* Work required:
From the first line to the last, write out the records exactly, leaving out images.

▶

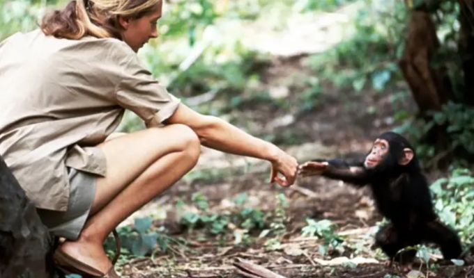 En la fotografía, capturada por su esposo Hugo van Lawick, se ve a Goodall extendiendo su brazo hacia el pequeño Flint, mientras el chimpancé responde al gesto en un contacto cargado de confianza. Publicada en National Geographic en 1965, la imagen generó controversia porque Goodall rompía las reglas académicas: en lugar de números, dio nombres a los chimpancés, reconociéndolos como individuos con emociones y personalidades. Para la propia científica, la foto evocaba la pintura de Miguel Ángel en la Capilla Sixtina, al mostrar la conexión entre especies.
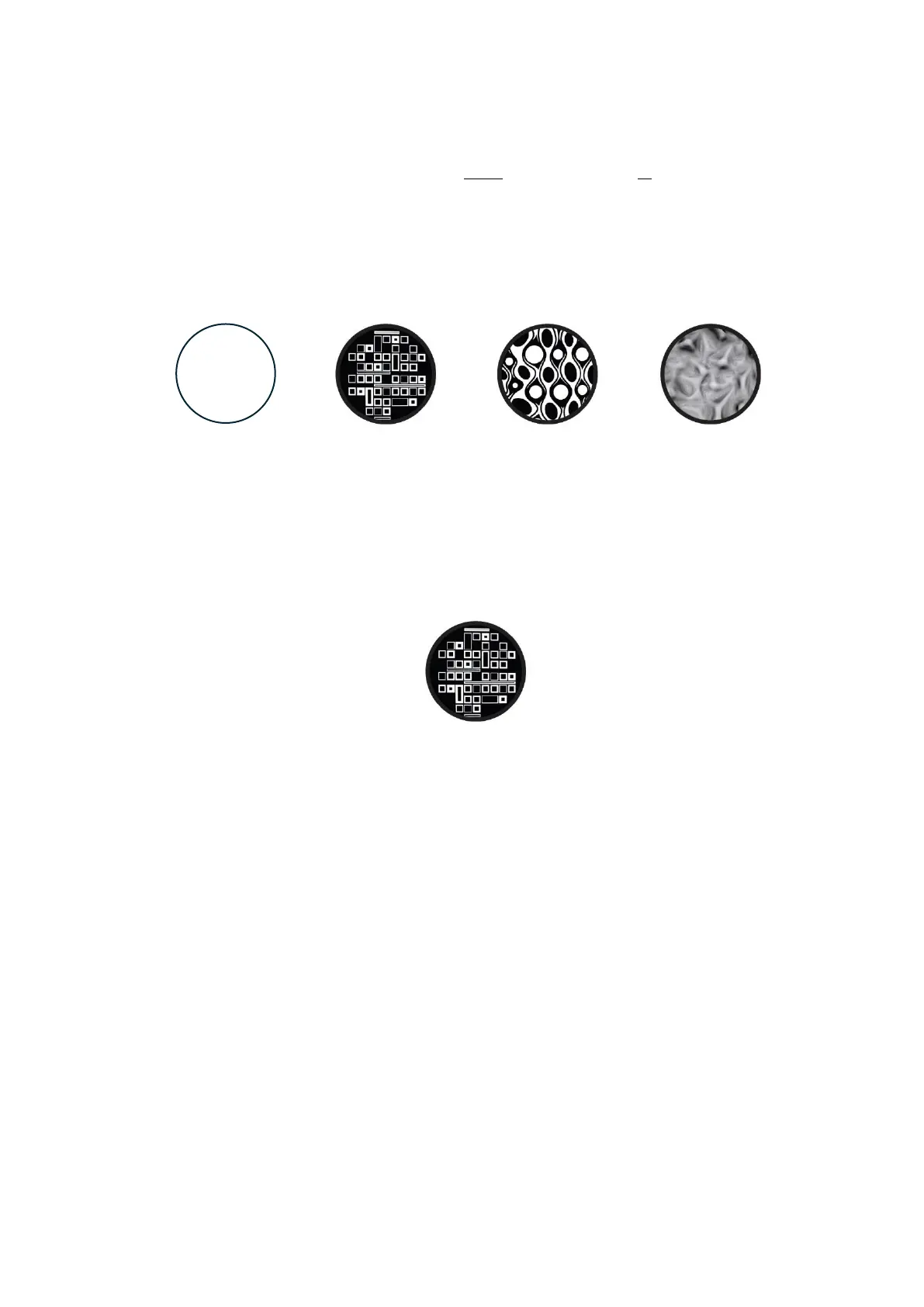 The four-slot gobo wheel is supplied configured as shown below, with the three glass gobos shown
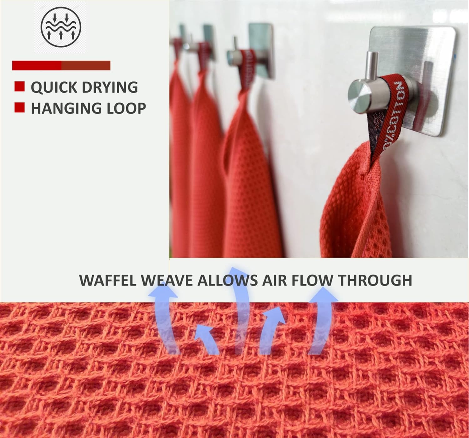 - 【EXTRA SOFT and SUPER ABSORBENT】The premium cotton material and the unique waffle weave design make sure these kitchen dish towels are breathable, extra soft and super absorbent. The no-scratch feature provide utmost protection to your valuables. These fluffy kitchen towels soak up much more water than cheap paper towels. They will remove any liquids in no time with simple wipes
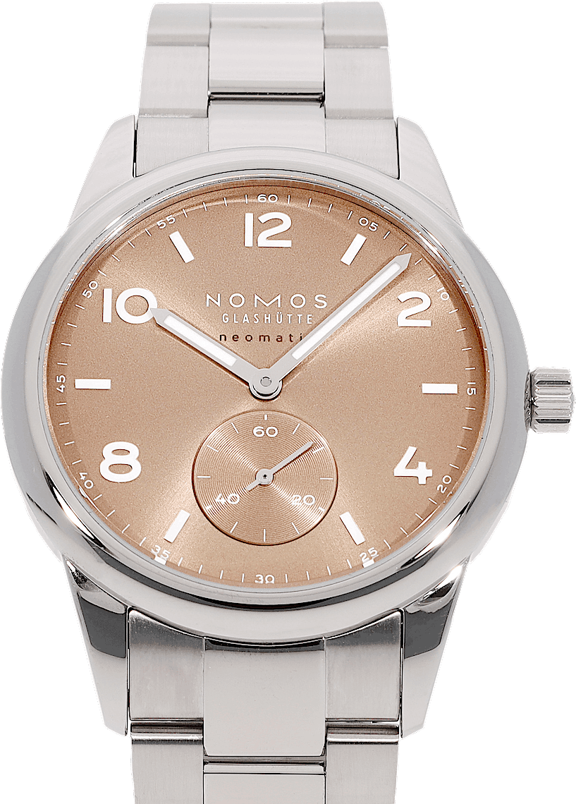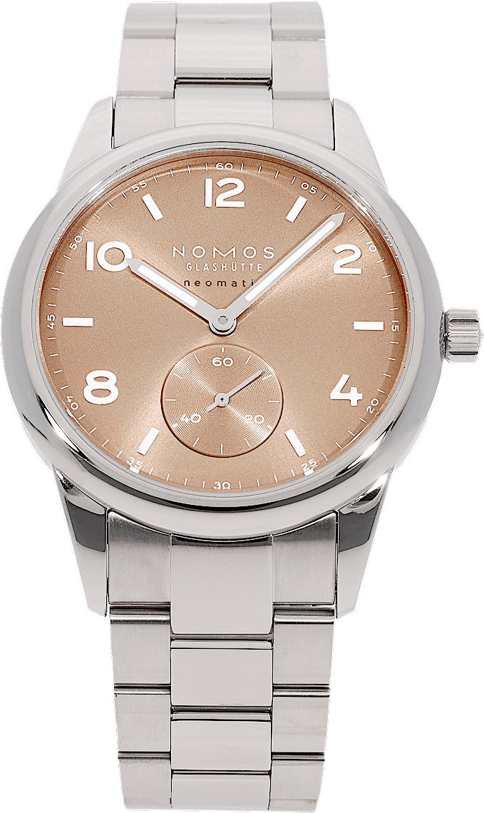 Nomos Club Sport Neomatik 39 Amber, Reference: 766, Gender: Unisex, Size: 39.5mm, Dial color: Rose, Strap material: Stainless Steel, Movement: Automatic, Year: 2023, Condition: Previously worn with some signs of usage. The movement is flawless and the case has been cleaned. watch tested to ensure full functionality. An inspection by our certified watchmakers guarantees its authenticity., Documents: Original papers, CHRONEXT Certificate
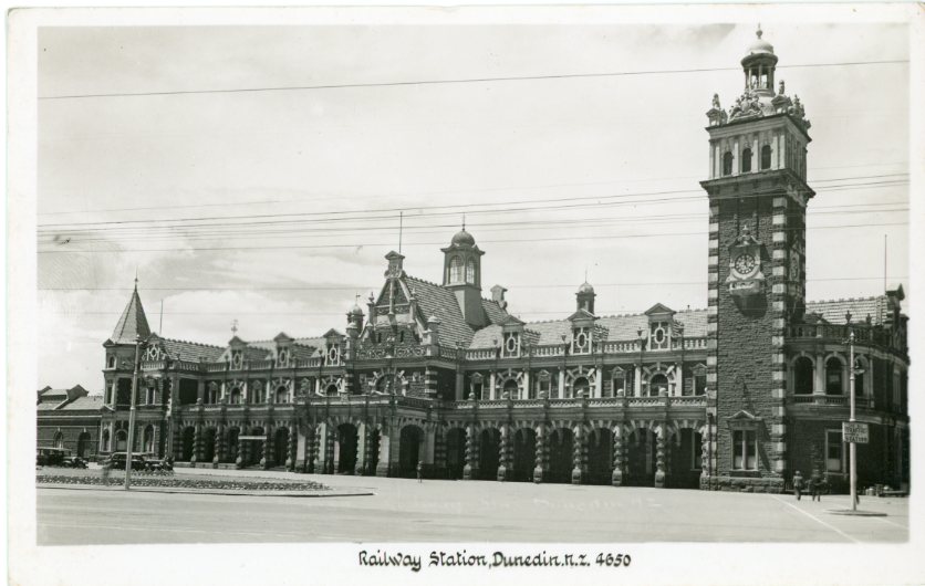 New Zealand: Unused photo postcard titled ‘Railway Station, Dunedin’.
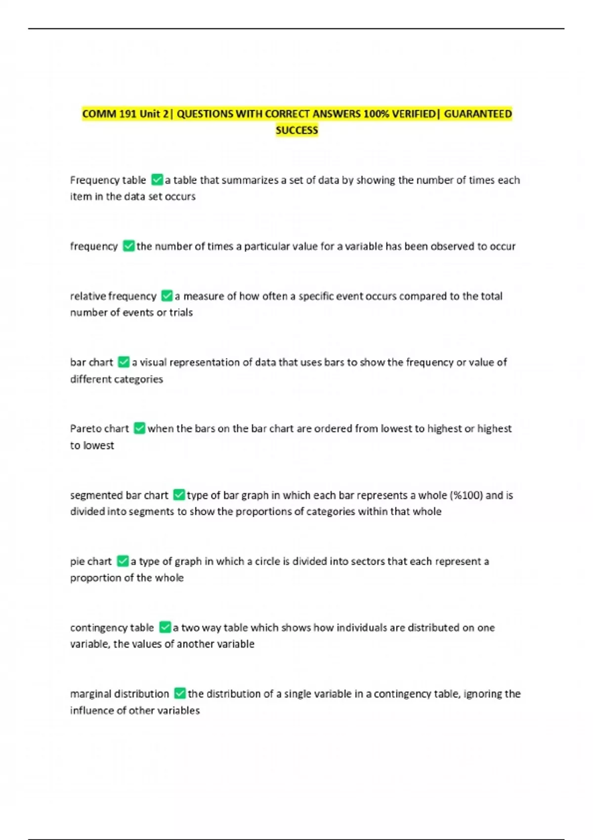 COMM 191 Unit 2| QUESTIONS WITH CORRECT ANSWERS 100% VERIFIED| GUARANTEED SUCCESS 2 Exam (elaborations) COMM 191 Unit 1| QUESTIONS WITH CORRECT ANSWERS 100% VERIFIED| GUARANTEED SUCCESS 3 Exam (elaborations) COMM 191 CHAPTER 3| QUESTIONS WITH CORRECT ANSWERS 100% VERIFIED| GUARANTEED SUCCESS 4 Exam (elaborations) COMM 191 CHAPTER 2| QUESTIONS WITH
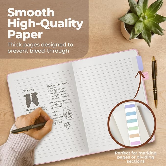 - THICK, SMOOTH, CREAM PAPER – NO BLEED, NO GHOSTING – Featuring 200 pages of high-quality thick paper, our smooth, off-white sheets let your pen glide effortlessly, with zero bleed-through—even with gel or fountain pens. Our college ruled notebook is ideal for long note-taking sessions, creative journaling, and meeting reflections.
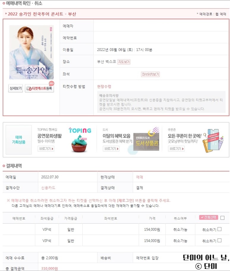 다음날 아빠한테 전화해서 다음주 토요일에 뭐할거야? 물어보면 모른다고 했다.부산에 송가인 콘서트를 하는데 보러 가지 않을래? 라고 말하자마자 가자~~!! 라고 톤이 높아진 우리 아빠.아빠가 좋아하는 목소리를 들으니 덩달아 나도 기분이 좋아졌다.부산에 송가인 콘서트가 있다는 것을 일찍 알았다면 맨 앞자리를 노렸을 텐데 아쉽다.
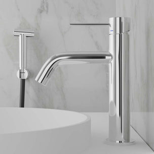 Blandebatteri med rette og rene linjer i en slank utførelse. Formgitt med et minimalistisk formspråk i tidløst design. Utstyrt med kvalitetskomponenter som sparer vann og opprettholder en perfekt tilpasset vannstrøm.
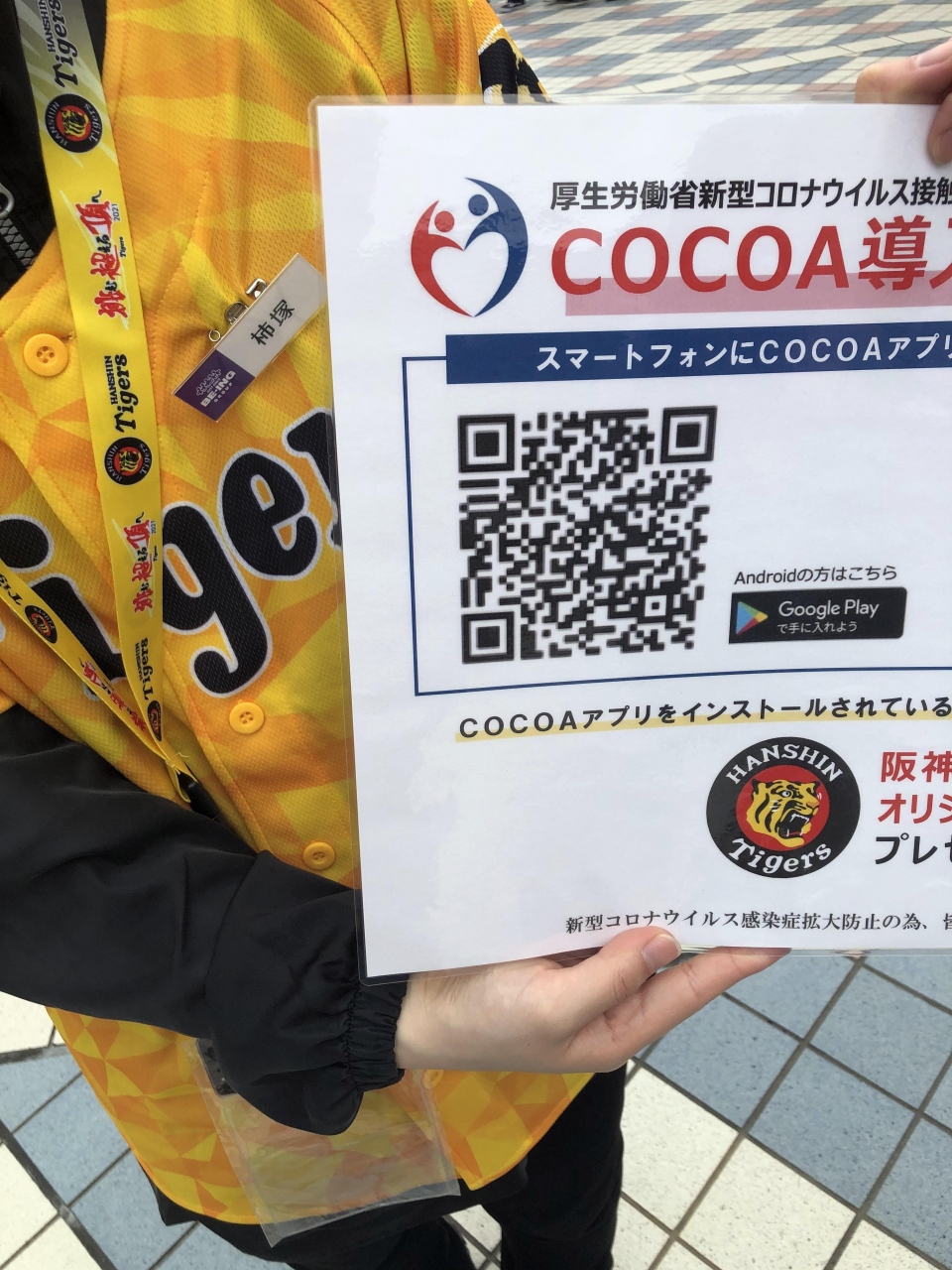 感染対策として、甲子園でもあったCOCOAの導入キャンペーンを行っていました。
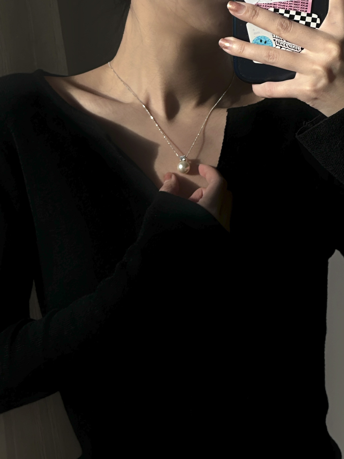 WHYs經(jīng)典 正圓施家珍珠鑲嵌鋯石純銀吊墜簡(jiǎn)約輕奢通勤項(xiàng)鏈 戴妃款由
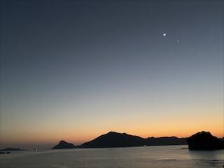 水面に太陽の日差しがキラキラ輝く風景を見ながら
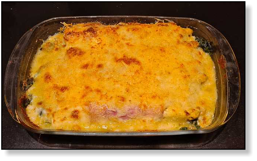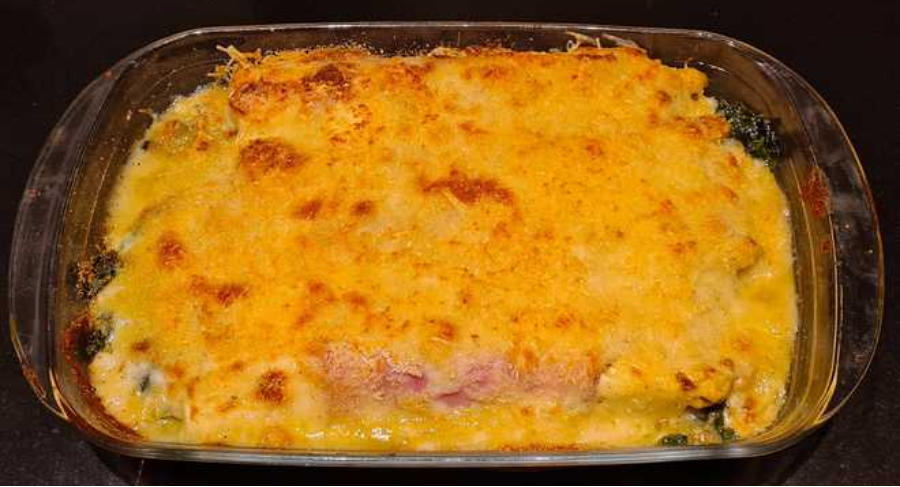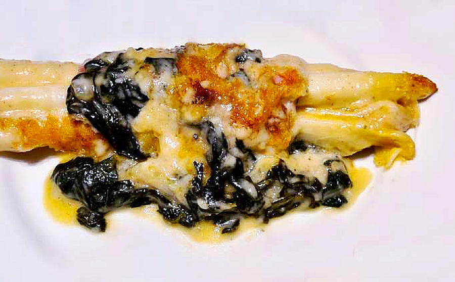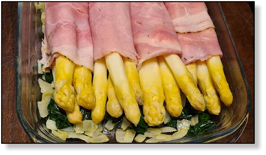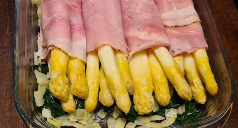Stoom de asperges 3 tot 5 minuutjes, afhankelijk van hun omvang. Ze hoeven niet gaar te zijn. Laat ze even afkoelen en wikkel ze dan per drie stuks in een tweetal sneetjes gekookte ham. Schep in een ovenschotel een laag spinazie met ui. Leg daarop de rolletjes van asperge met ham. Giet er de kaassaus over en verdeel die gelijkmatig. Eindig met een laagje geraspte gruyère, verrijkt met wat geraspte parmezaan en bedek het oppervlak met een dun laagje paneermeel.Schuif de schotel 25 minuutjes in een oven voorverwarmd op 185°C. zet de laatste vijf minuutjes de ovengrill op om een mooi gekleurd resultaat te hebben.Dien op met gekookte aardappeltjes.
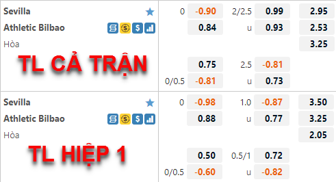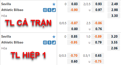 AEGoal chốt kèo bóng đá trực tiếp trận Sevilla vs Bilbao diễn ra lúc 03h00 ngày 23/05 trong khuôn khổ giải VĐQG Tây Ban Nha sau khi dựa trên tính toán, chuyển động về kèo châu Á và đội hình ra sân của 2 đội.
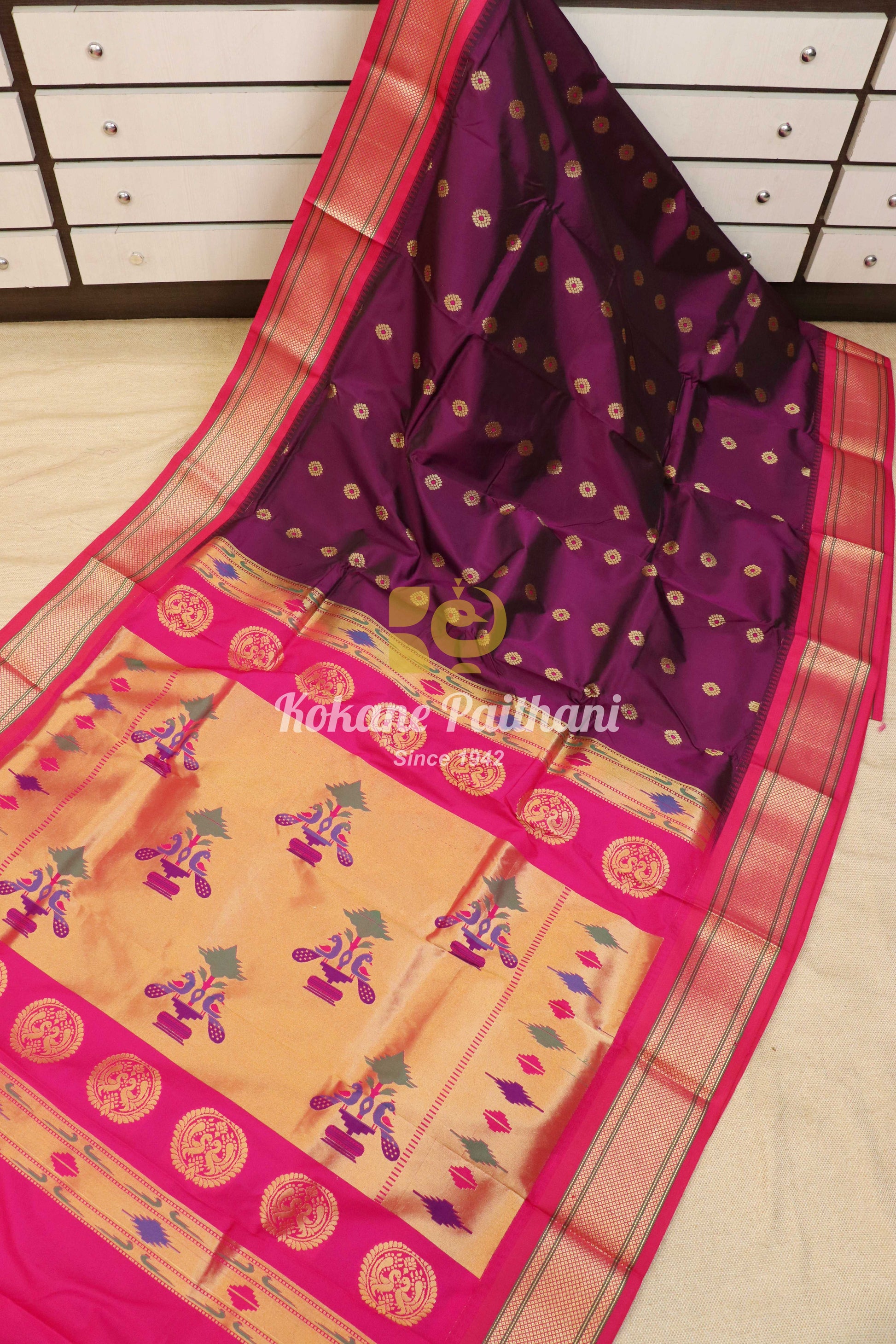 Wine color saree with pink color paithani jari border
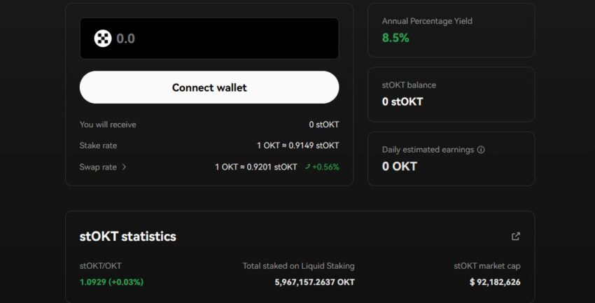 Platforma OKX oferuje płynną usługę stakingu w celu stakowania i zarabiania OKT na łańcuchu OKT. W zamian za stakowanie OKT, użytkownicy otrzymują pochodne tokeny stOKT. Jest to uniwersalny token w standardzie KIP-20, którym można handlować i wykorzystywać w ramach protokołu OKTC.

◀

* Solution to the problem:
 En la fotografía, capturada por su esposo Hugo van Lawick, se ve a Goodall extendiendo su brazo hacia el pequeño Flint, mientras el chimpancé responde al gesto en un contacto cargado de confianza. Publicada en National Geographic en 1965, la imagen generó controversia porque Goodall rompía las reglas académicas: en lugar de números, dio nombres a los chimpancés, reconociéndolos como individuos con emociones y personalidades. Para la propia científica, la foto evocaba la pintura de Miguel Ángel en la Capilla Sixtina, al mostrar la conexión entre especies.
 The four-slot gobo wheel is supplied configured as shown below, with the three glass gobos shown
 - 【EXTRA SOFT and SUPER ABSORBENT】The premium cotton material and the unique waffle weave design make sure these kitchen dish towels are breathable, extra soft and super absorbent. The no-scratch feature provide utmost protection to your valuables. These fluffy kitchen towels soak up much more water than cheap paper towels. They will remove any liquids in no time with simple wipes
 Nomos Club Sport Neomatik 39 Amber, Reference: 766, Gender: Unisex, Size: 39.5mm, Dial color: Rose, Strap material: Stainless Steel, Movement: Automatic, Year: 2023, Condition: Previously worn with some signs of usage. The movement is flawless and the case has been cleaned. watch tested to ensure full functionality. An inspection by our certified watchmakers guarantees its authenticity., Documents: Original papers, CHRONEXT Certificate
 New Zealand: Unused photo postcard titled ‘Railway Station, Dunedin’.
 COMM 191 Unit 2| QUESTIONS WITH CORRECT ANSWERS 100% VERIFIED| GUARANTEED SUCCESS 2 Exam (elaborations) COMM 191 Unit 1| QUESTIONS WITH CORRECT ANSWERS 100% VERIFIED| GUARANTEED SUCCESS 3 Exam (elaborations) COMM 191 CHAPTER 3| QUESTIONS WITH CORRECT ANSWERS 100% VERIFIED| GUARANTEED SUCCESS 4 Exam (elaborations) COMM 191 CHAPTER 2| QUESTIONS WITH
 - THICK, SMOOTH, CREAM PAPER – NO BLEED, NO GHOSTING – Featuring 200 pages of high-quality thick paper, our smooth, off-white sheets let your pen glide effortlessly, with zero bleed-through—even with gel or fountain pens. Our college ruled notebook is ideal for long note-taking sessions, creative journaling, and meeting reflections.
 다음날 아빠한테 전화해서 다음주 토요일에 뭐할거야? 물어보면 모른다고 했다.부산에 송가인 콘서트를 하는데 보러 가지 않을래? 라고 말하자마자 가자~~!! 라고 톤이 높아진 우리 아빠.아빠가 좋아하는 목소리를 들으니 덩달아 나도 기분이 좋아졌다.부산에 송가인 콘서트가 있다는 것을 일찍 알았다면 맨 앞자리를 노렸을 텐데 아쉽다.
 Blandebatteri med rette og rene linjer i en slank utførelse. Formgitt med et minimalistisk formspråk i tidløst design. Utstyrt med kvalitetskomponenter som sparer vann og opprettholder en perfekt tilpasset vannstrøm.
 感染対策として、甲子園でもあったCOCOAの導入キャンペーンを行っていました。
 WHYs經(jīng)典 正圓施家珍珠鑲嵌鋯石純銀吊墜簡(jiǎn)約輕奢通勤項(xiàng)鏈 戴妃款由
 水面に太陽の日差しがキラキラ輝く風景を見ながら
Stoom de asperges 3 tot 5 minuutjes, afhankelijk van hun omvang. Ze hoeven niet gaar te zijn. Laat ze even afkoelen en wikkel ze dan per drie stuks in een tweetal sneetjes gekookte ham. Schep in een ovenschotel een laag spinazie met ui. Leg daarop de rolletjes van asperge met ham. Giet er de kaassaus over en verdeel die gelijkmatig. Eindig met een laagje geraspte gruyère, verrijkt met wat geraspte parmezaan en bedek het oppervlak met een dun laagje paneermeel.Schuif de schotel 25 minuutjes in een oven voorverwarmd op 185°C. zet de laatste vijf minuutjes de ovengrill op om een mooi gekleurd resultaat te hebben.Dien op met gekookte aardappeltjes.
 AEGoal chốt kèo bóng đá trực tiếp trận Sevilla vs Bilbao diễn ra lúc 03h00 ngày 23/05 trong khuôn khổ giải VĐQG Tây Ban Nha sau khi dựa trên tính toán, chuyển động về kèo châu Á và đội hình ra sân của 2 đội.
 Wine color saree with pink color paithani jari border
 Platforma OKX oferuje płynną usługę stakingu w celu stakowania i zarabiania OKT na łańcuchu OKT. W zamian za stakowanie OKT, użytkownicy otrzymują pochodne tokeny stOKT. Jest to uniwersalny token w standardzie KIP-20, którym można handlować i wykorzystywać w ramach protokołu OKTC.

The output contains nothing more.